BRIEF DESCRIPTION OF THE DRAWINGS
[0014] One or more embodiments of the present invention will now be
described with reference to the drawings, in which:
[0015] FIG. 1 shows a schematic flow diagram of a method of
building a domain specific model from a collection of telephonic
conversation recordings;
[0016] FIG. 2 shows a partial transcript of a dialog from the
internal IT help desk of a company;
[0017] FIG. 3 shows a part of the taxonomy obtained from the
dialogs from the internal IT help desk of a company;
[0018] FIG. 4 shows a part of topic specific information that has
been generated for the "default properti" node in FIG. 3 from an
example case;
[0019] FIG. 5 shows average call duration and corresponding average
transcription lengths for topics of interest;
[0020] FIG. 6 shows variation in prediction accuracy as a function
of the fraction of a call;
[0021] FIG. 7 shows a graph of the prediction accuracy achieved for
various clusters after analyzing 25%, 50%, 75% and 100% of the
call; and
[0022] FIG. 8 is a schematic block diagram of a general purpose
computer upon which arrangements described can be practiced.
DETAILED DESCRIPTION
[0023] FIG. 1 shows a schematic flow diagram of a method 100 of
building a domain specific model 190 from a collection of
conversation recordings 105, such as telephonic conversation
recordings. The domain specific model 190 built by the method 100
comprises primarily a topic taxonomy, where every node in the
taxonomy is characterized for example by topic(s), typical
Question-Answers (QAs), typical actions call statistics etc.
[0024] The method 100 is described in the context of a call-center
where a customer phones a call-center agent for assistance.

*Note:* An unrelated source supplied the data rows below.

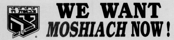 Yahudiler artık Mesih’in gelişinin an meselesi olduğunu düşünüyorlar. Üstte İsrail’deki Hasidik Habad hareketinin kullandığı bir propaganda posteri: “Mesih’i istiyoruz, hemen şimdi!” |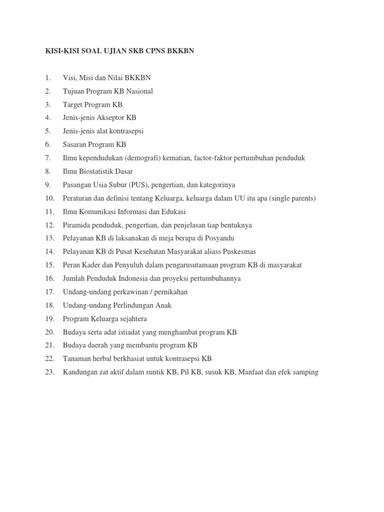 Contoh Soal CPNS BKKBN 2018 Nah untuk mendapatkan Materi Soal CPNS 2018 Badan Kependudukan dan Keluarga Berencana Nasional beserta pembahasan dan jawabannya lengkap. Contoh Soal SKB Penyuluh Keluarga Berencana KB CPNS PPPK 2021 Wah sudah release nih formasi CPNS dari badan Kependudukan Keluarga Berencana Nasional BKKBN tahun anggaran 2021. Serta Kumpulan Contoh Soal CPNS Badan Kependudukan dan KB Nasional dan Pembahasannya.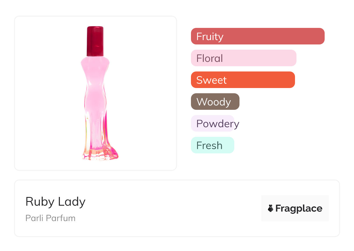 Ruby Lady, from Parli Parfum was released in 2017. The perfumer behind this creation is unknown. It has the top notes of Black Currant, Citruses, Red Apple, and Strawberry, middle notes of Freesia, Jasmine, Rose, and Sweet Pea, and base notes of Amber, Musk, Raspberry, and Sandalwood.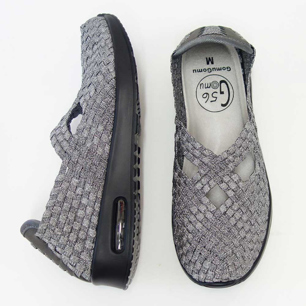 Gomu56 ゴムゴム 5520 ダークシルバー (レディース) ゴムメッシュ スリッポン エアークッション搭載 フラットシューズ オフィス履き 外反母趾 水洗いOK「靴」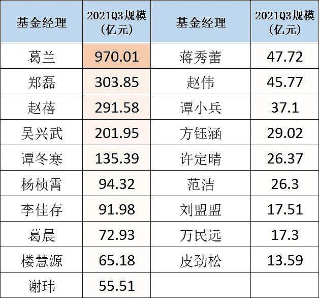 葛兰其实实力是很强的,但现在她明显管理规模过大,影响超额收益。郑磊、赵蓓规模也偏大了,不过他们还有全市场基金。吴兴武规模稍微超过200亿,勉强还能接受。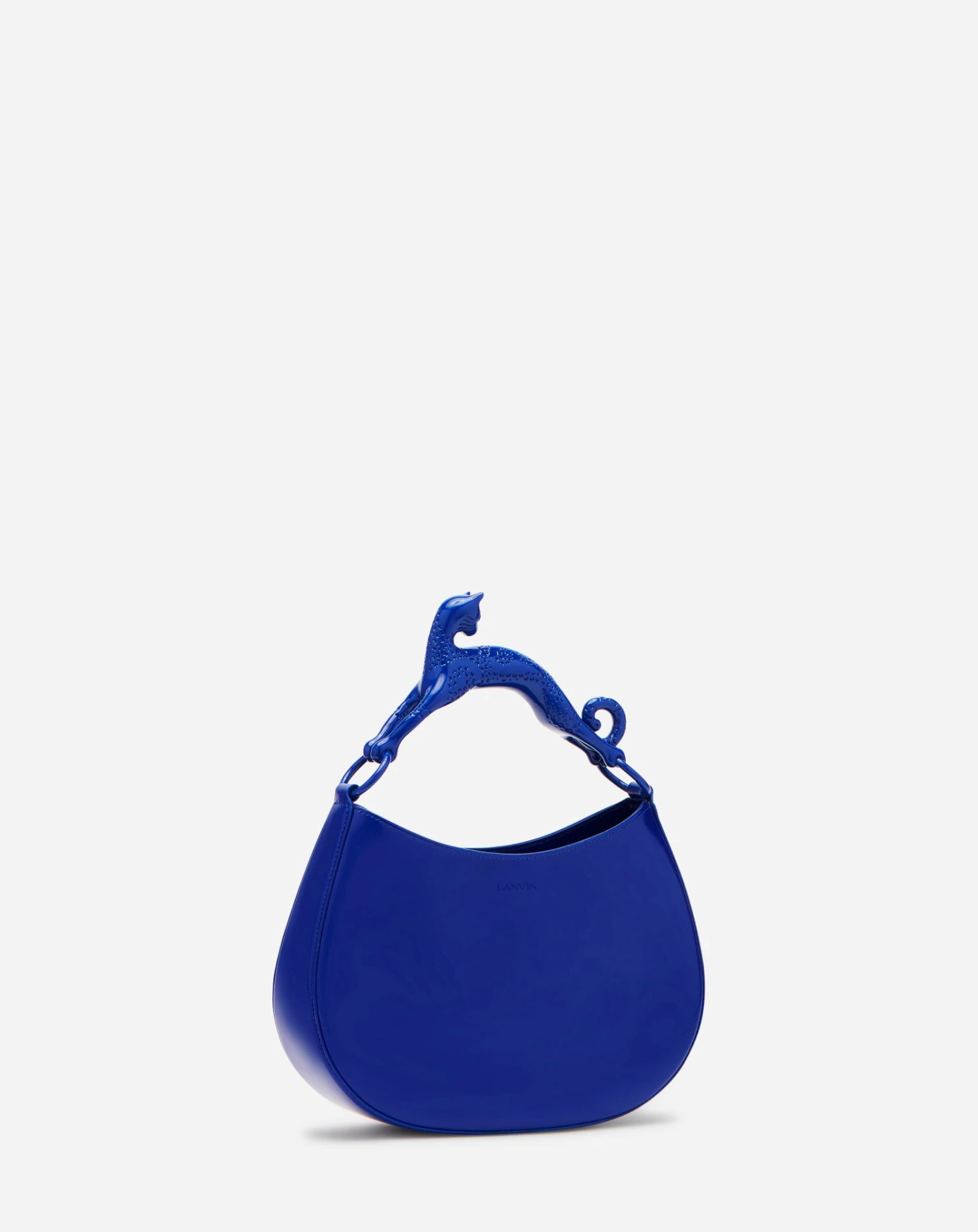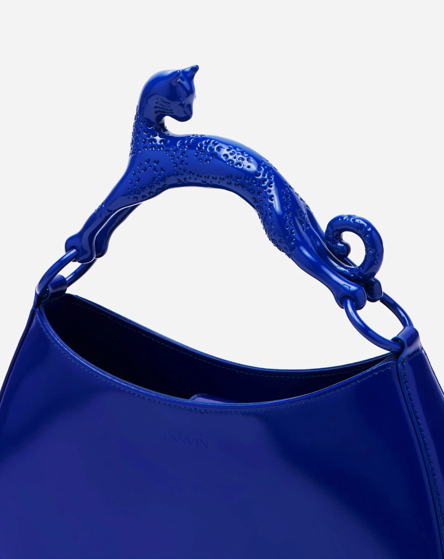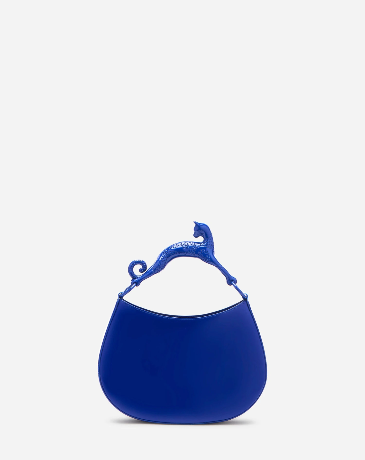 Embellished with a sculptural cat handle, this hobo bag with soft and elegant lines can be carried in the hand or over the shoulder.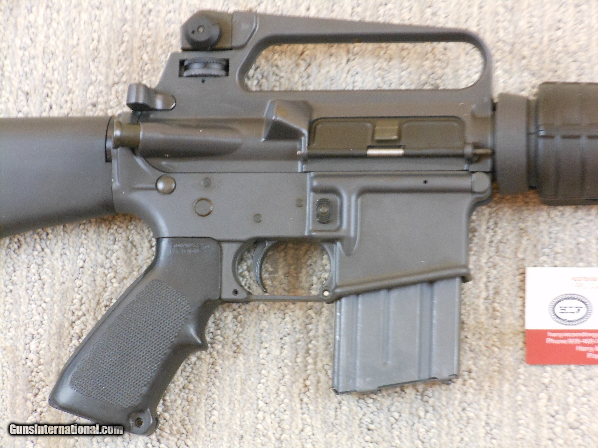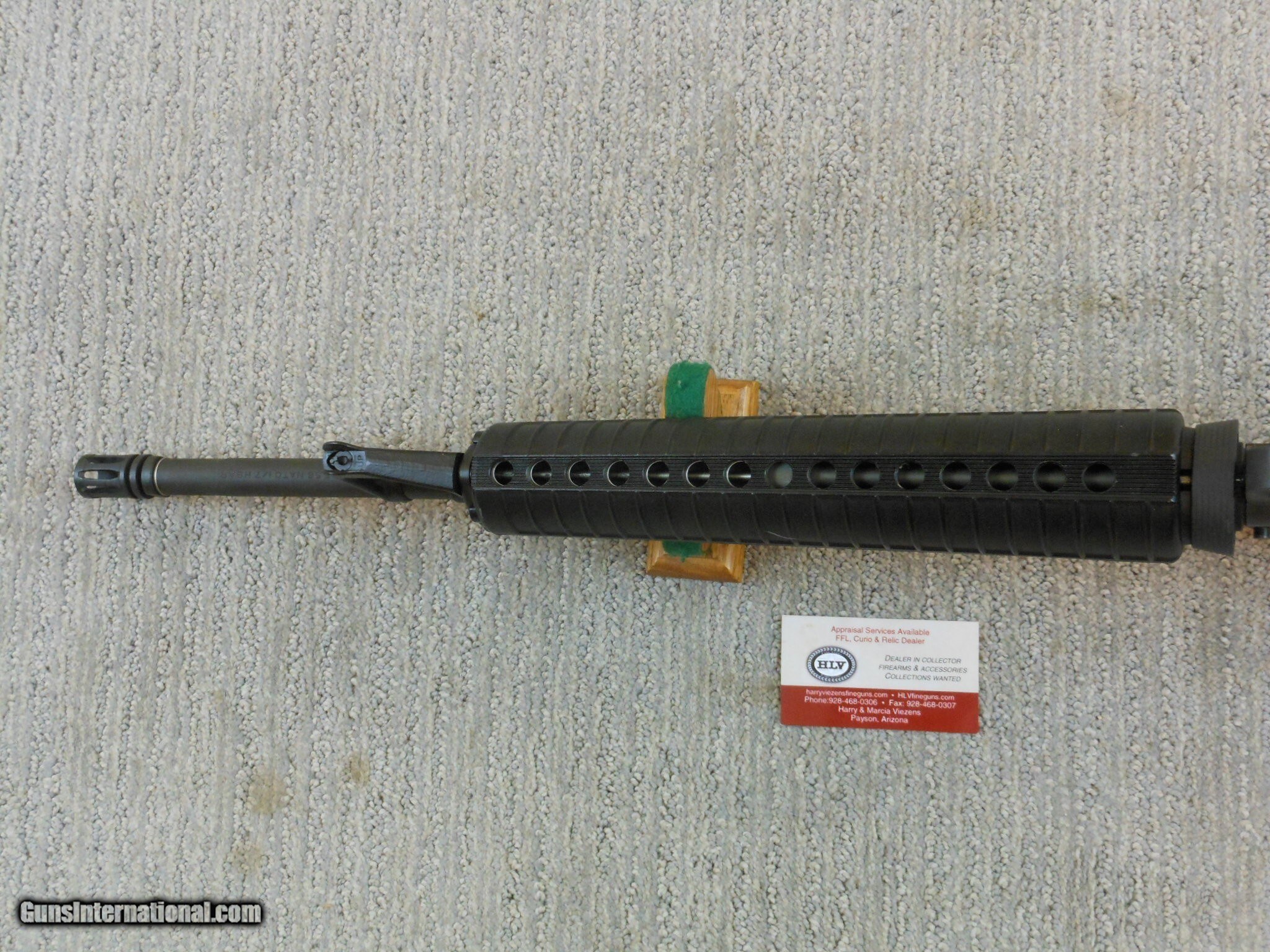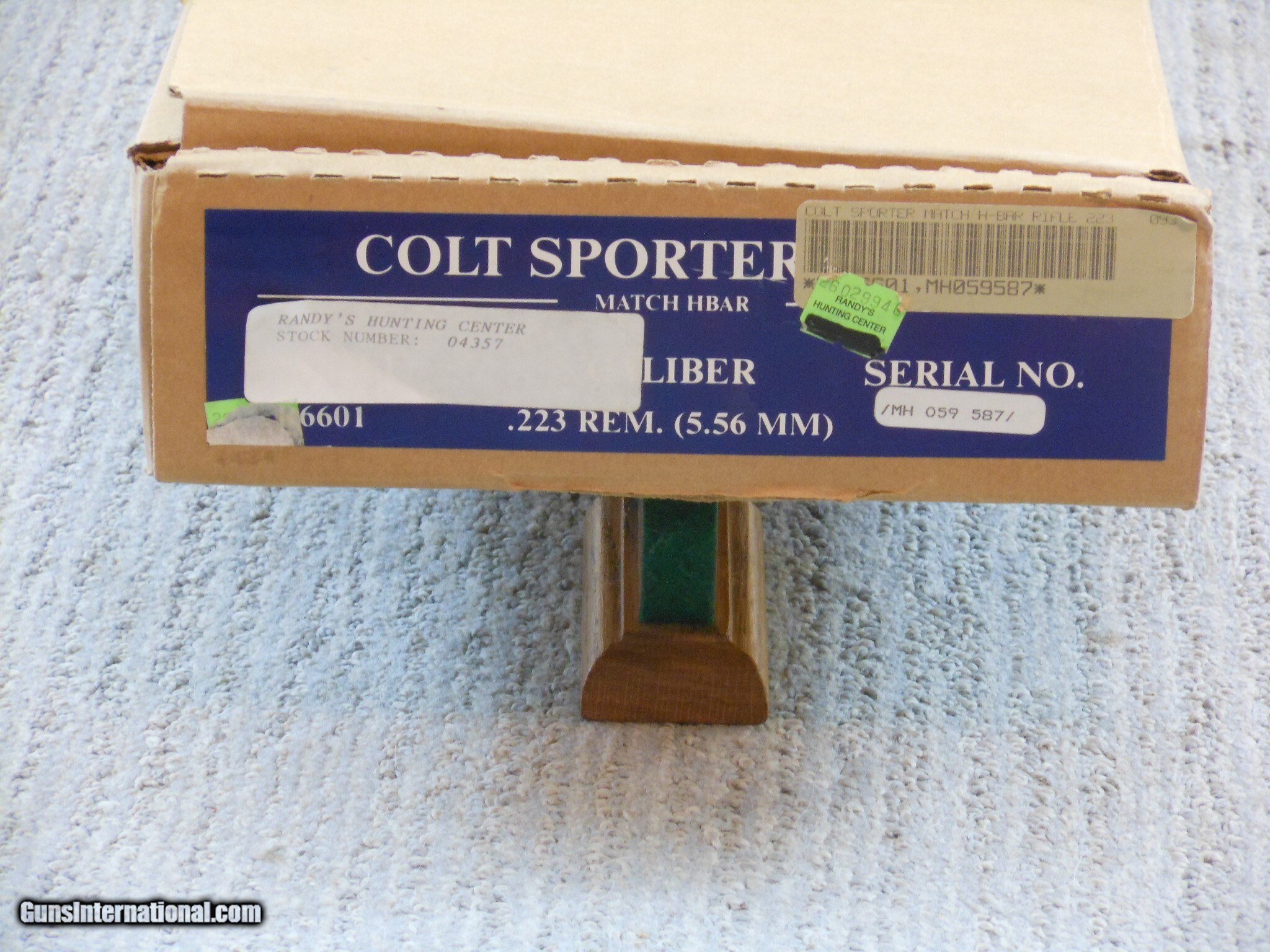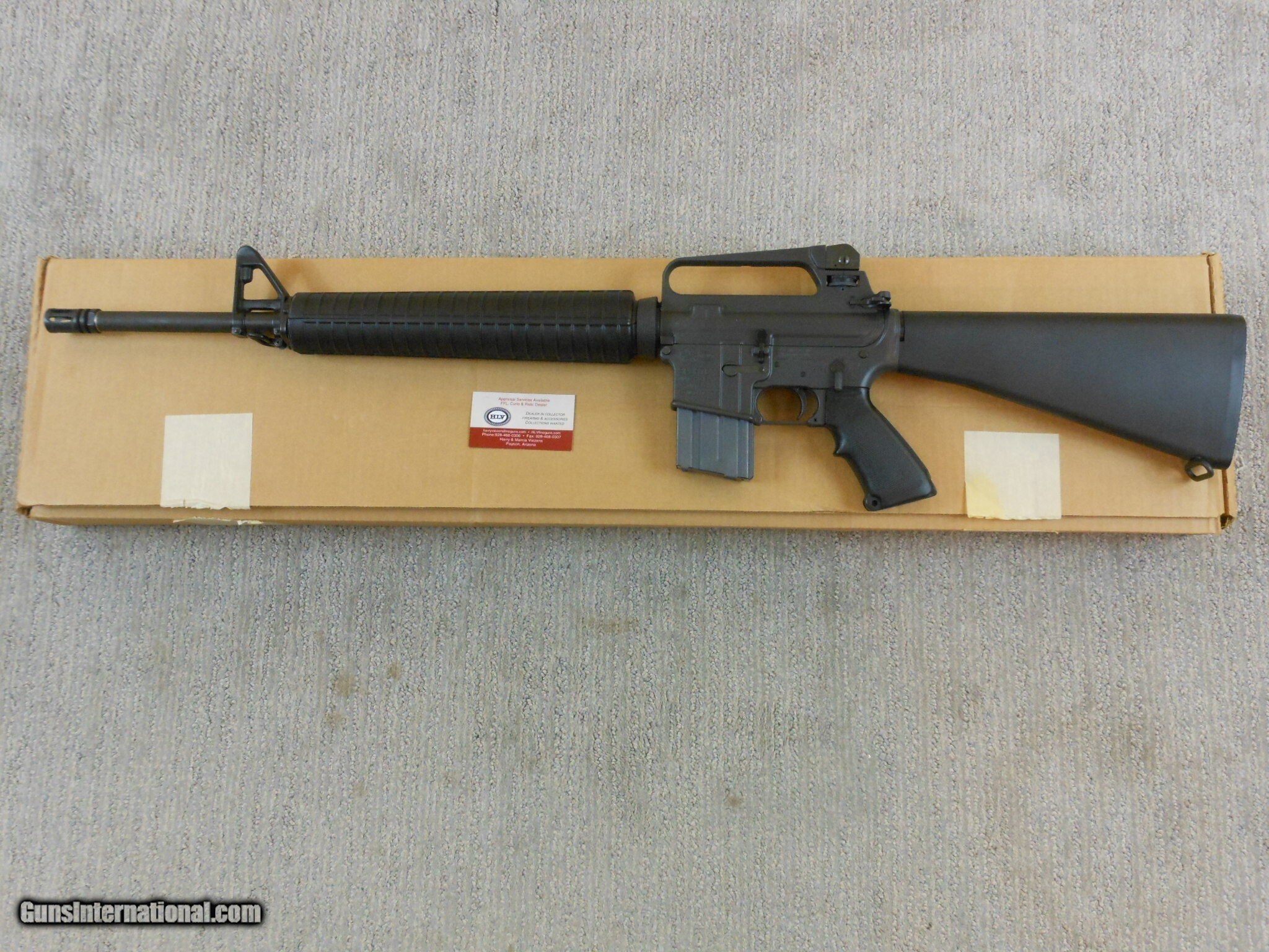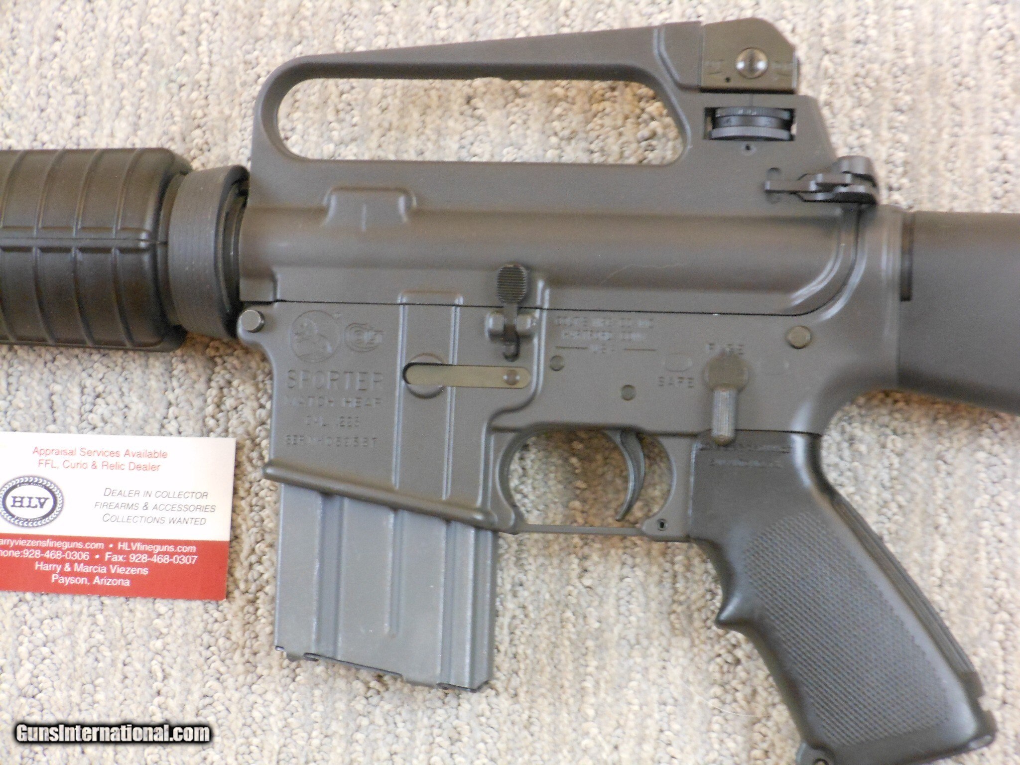 Description: This rifle's serial number is MH 059587. This rifle has the 20 Inch heavy barrel with the flash hider. This rifle is in new condition with the original box and accessories. This rifle is in new condition with no issues. The cleaning accessories is in the stock compartment. The magazine is a correct Colt marked magazine. It has the correct rear sight that has the elevation and windage adjustment. The original box is serial numbered to this rifle. This box is in fine condition with the blue label. Modern M.R. Consn. (10) F. No. 784 -25 Rifle Caliber: .223 Remington Manufacturer: Colt Model: AR 15 Serial Number: MH 059587 Barrel Length: 20 Inch Chambers: AS New Condition: New Metal Condition: New Bore Condition: As New Barrels: Rifle Barrel Type: Military Action: Self Loading Finish: Parkerized Sights: Target Extras: Original Box And Accessories Price: $2,000.00 Contact Seller |

However, the method 100 is not so limited. In the embodiment
described the conversation recordings 105 comprise dialog between
the call-center agent and the customer.
[0025] The method 100 of building a domain specific model from a
collection of conversation recordings 105 may be practiced using a
general-purpose computer system 800, such as that shown in FIG. 8
wherein the processes of FIG. 1 may be implemented as software,
such as an application program executing within the computer system
800. In particular, the steps of the method 100 are affected by
instructions in the software that are carried out by the computer
system 800. The software may be stored in a computer readable
medium. The software is loaded into the computer system 800 from
the computer readable medium, and then executed by the computer
system 800. A computer readable medium having such software or
computer program recorded on it is a computer program product. The
use of the computer program product in the computer system 800
preferably effects an advantageous apparatus for building a domain
specific model 190 from a collection of conversation recordings
105.
[0026] The computer system 800 is formed by a computer module 801,
input devices such as a keyboard 802, output devices including a
display device 814. The computer module 801 typically includes at
least one processor unit 805, and a memory unit 806. The module 801
also includes an number of input/output (I/O) interfaces including
a video interface 807 that couples to the display device 814, and
an I/O interface 813 for the keyboard 802. A storage device 809 is
provided and typically includes at least a hard disk drive and a
CD-ROM drive. The components 805 to 813 of the computer module 801
typically communicate via an interconnected bus 804 and in a manner
which results in a conventional mode of operation of the computer
system 800 known to those in the relevant art.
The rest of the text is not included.